Step 1: Upgrade mesheryctl

Use the package manager you installed with:

bash
brew upgrade mesheryctl        # Homebrew
scoop update mesheryctl        # Scoop
curl -L https://meshery.io/install | DEPLOY_MESHERY=false bash -   # Bash

Step 2: Upgrade Meshery Server

Docker deployments

bash
mesheryctl system update    # pull latest images per your release channel
mesheryctl system restart   # apply them to the running deployment

Kubernetes deployments (Helm)

Pin an explicit chart version rather than tracking latest, and use the upgrade-friendly probe values so Server pods are not killed while reloading capabilities:

bash
helm repo update meshery
helm upgrade meshery meshery/meshery --namespace meshery \
  --version <target-version> \
  -f values-upgrade.yaml \
  --wait --timeout 10m

Keep your copy of values-upgrade.yaml version-controlled alongside your own values.

Step 3: Managed-cluster components upgrade themselves

When the upgraded Meshery Server (re)connects to a managed cluster, it re-applies the meshery-operator Helm chart at the chart version matching the Server release. That single helm upgrade, performed by the Server:

  1. runs the chart's CRD update Job, which server-side-applies the current Broker and MeshSync CRD schemas (Helm alone never updates CRDs on upgrade — the Job is what delivers schema changes to live clusters);
  2. rolls the Operator Deployment to the operator image version pinned in that chart;
  3. the Operator then reconciles MeshSync and Broker to their expected versions and configuration.

No action is required on managed clusters.

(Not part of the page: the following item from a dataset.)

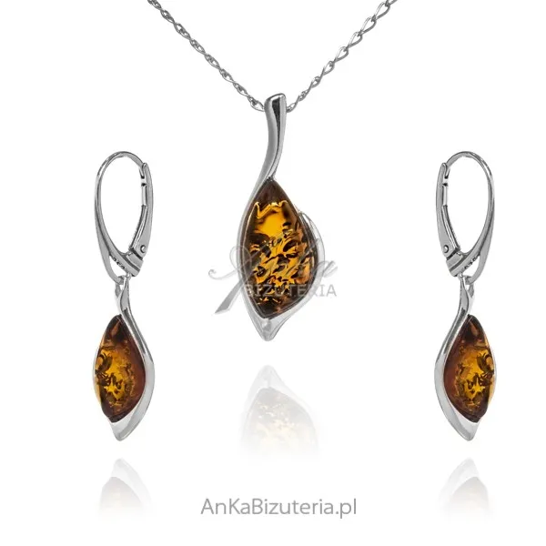 Komplet biżuteria srebrna z koniakowym bursztynem klasyka

See [How Meshery Server manages Meshery Operator]({{< ref "installation/upgrades/index.md#how-meshery-server-manages-meshery-operator" >}}) for the mechanics and caveats.

{{% alert title="Do not hand-upgrade the Operator on Server-managed clusters" color="warning" %}} A manual helm upgrade of meshery-operator (or a hand-edited image tag) on a cluster that Meshery Server manages is a stopgap at best: the Server's reconciliation re-applies its own pinned chart version and will revert your change. The durable way to get a newer Operator is to upgrade Meshery Server. {{% /alert %}}

Step 4: Verify

bash
# Server and components
mesheryctl system status

# Operator image now matches the release bundled with your Server version
kubectl -n meshery get deploy meshery-operator \
  -o jsonpath='{.spec.template.spec.containers[0].image}{"\n"}'

# CRDs are current (v1alpha2 storage) and healthy
kubectl get crds brokers.meshery.io meshsyncs.meshery.io

# Broker and MeshSync are reconciled and ready
kubectl -n meshery get brokers,meshsyncs
kubectl -n meshery get statefulset/meshery-nats deployment/meshery-meshsync

In Meshery UI, confirm the cluster connection shows the Operator, MeshSync, and Broker as connected under Settings → Environment.

Rolling back

bash
helm rollback meshery --namespace meshery    # Kubernetes deployments

Rolling back the Server is low-risk for data: durable state lives with your Remote Provider, and the local database is a rebuildable cache. Two notes:

  • The Operator follows the Server: after a rollback, the Server re-applies the older operator chart on managed clusters.
  • CRD schemas are not rolled back by helm rollback directly. When the rolled-back Server reconnects to managed clusters, it re-applies the older operator chart as a Helm upgrade, and that chart's CRD update Job re-applies the older schemas. Stored objects remain readable throughout, because served versions stay identical across current schema revisions.